---------- Forwarded message ----------
From: Smiljana Antonijevic <[log in to unmask]>
Date: Mon, Nov 22, 2010 at 1:16 PM
Subject: [Air-L] CFP: Personal Digital Archiving 2011
To: [log in to unmask]
Call for Participation
Personal Digital Archiving 2011
February 24 & 25, 2011
The Internet Archive, San Francisco
http://personalarchiving.com
We are pleased to announce that the Personal Digital Archiving 2011
Conference is now open for participation. We welcome proposals for session
topics and speakers, as well as volunteers to help us organize and serve on
site.
Conference sessions will be selected by an international peer review panel
that includes:
Ben Gross, Highlands Group
Brewster Kahle, The Internet Archive
Cal Lee, University of North Carolina
Cathy Marshall, Microsoft Research
Clifford Lynch, Coalition for Networked Information
Elizabeth Churchill, Yahoo!
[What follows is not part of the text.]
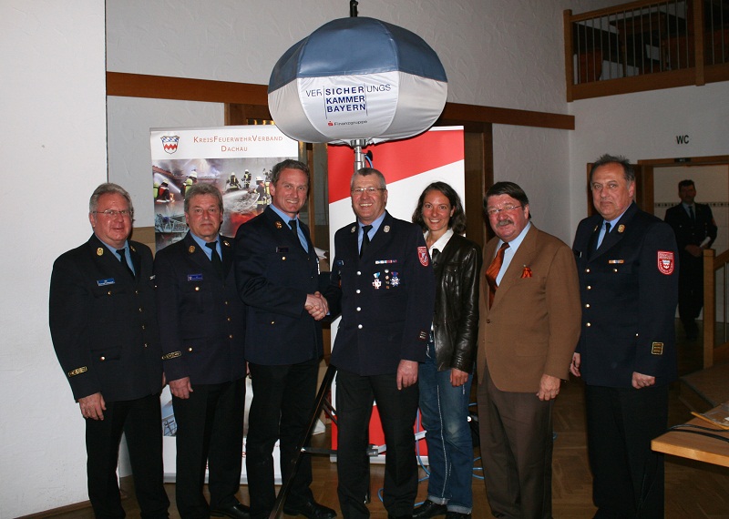 Seit vielen Jahren unterstützt die Versicherungskammer Bayern die Feuerwehren im Freistaat mit dem Sponsoring von Ausrüstung und Gerät. Bei der aktuellen Aktion, die seit 2009 läuft, verteilt die Versicherungskammer 96 spezielle Beleuchtungskörper „Powermoon“ an die Unterstützungsgruppen Örtliche Einsatzleitung (UG-ÖEL) in Bayern.Im Rahmen der Verbandsversammlung des Kreisfeuerwehrverbandes Dachau in Ried, überreichte Helmut Steck von der Versicherungskammer Bayern den elften „Powermoon“ für Oberbayern an Kreisbrandrat Heinrich Schmalenberg.

Research
Jeff Ubois, The Bassetti Foundation
Jeremy John, The British Library
Relevant themes include but are not limited to family photographs and home
movies; personal health and financial data; interface design for archives;
scrap booking; social network data; institutional practices; genealogy;
email, blogs and other correspondence; and funding models.
Conference presentations will be 15-20 minutes in length. If you wish to
submit an abstract for the conference, please email
[log in to unmask] with:
* title of your project, paper or presentation
* a 150-300 word abstract
* a brief biography (a few sentences)
Deadline for abstracts: 24 December, 2010.
Notification of acceptance: 5 January, 2011.
Late submissions will be considered on an individual basis.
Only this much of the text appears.